Environmental Defense Fund urges the Commission to focus on directional consistency rather than precision at this stage. Across all studies, Environmental Defense Fund notes a shared conclusion: preparing the grid for electrification will require substantial investment, but pairing load growth with effective load management (especially managed EV charging) can yield net benefits for ratepayers and place downward pressure on rates over time.

INSTANT ANALYSIS

Parties' comments reveal agreement that DGEM 2025 is a credible, independent assessment showing managed electrification (especially EV charging) can substantially reduce future distribution costs.
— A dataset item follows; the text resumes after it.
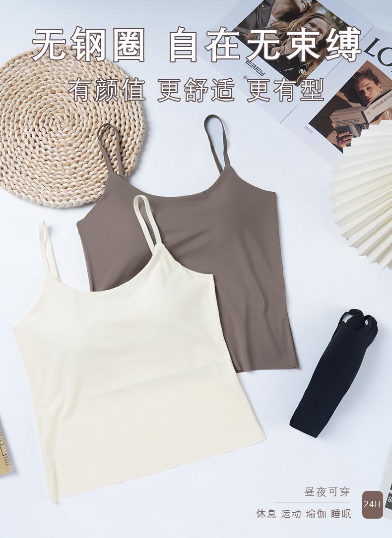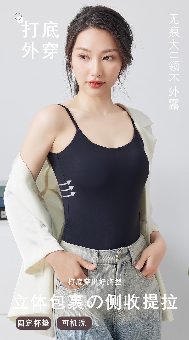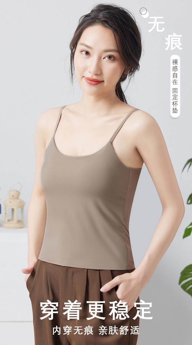 Camisola de seda helada Spice Girl para mujer, nueva, interior y exterior, con almohadilla para el pecho, parte superior de tubo con espalda descubierta y base fina.

Consumer and clean-energy stakeholders view the study as evidence that unmanaged, capital-heavy planning is avoidable and that active load management could deliver billions in avoided upgrades through 2040.

Despite methodological disagreements, all parties (including the utilities) acknowledge that managed EV charging represents a critical cost-control lever. Environmental Defense Fund's analysis emphasizes this cross-cutting consensus: DGEM, PG&E, SCE, and SDG&E all identify transportation electrification paired with demand flexibility as essential to realizing ratepayer benefits. The debate is not on whether managed charging matters, but on what degree of participation is achievable and how quickly programs can scale to meet modeled assumptions.

Utilities accept DGEM’s directional value but resist its use as a planning constraint, arguing it abstracts away local engineering realities and should not override Electrification Impact Studies Part 2 forecasts. The main dispute centers on secondary distribution costs, where DGEM’s lower estimates clash with much higher utility projections.

How the Commission resolves this (treating DGEM as a benchmark or a sensitivity exercise) will determine whether managed electrification meaningfully restrains future capital spending.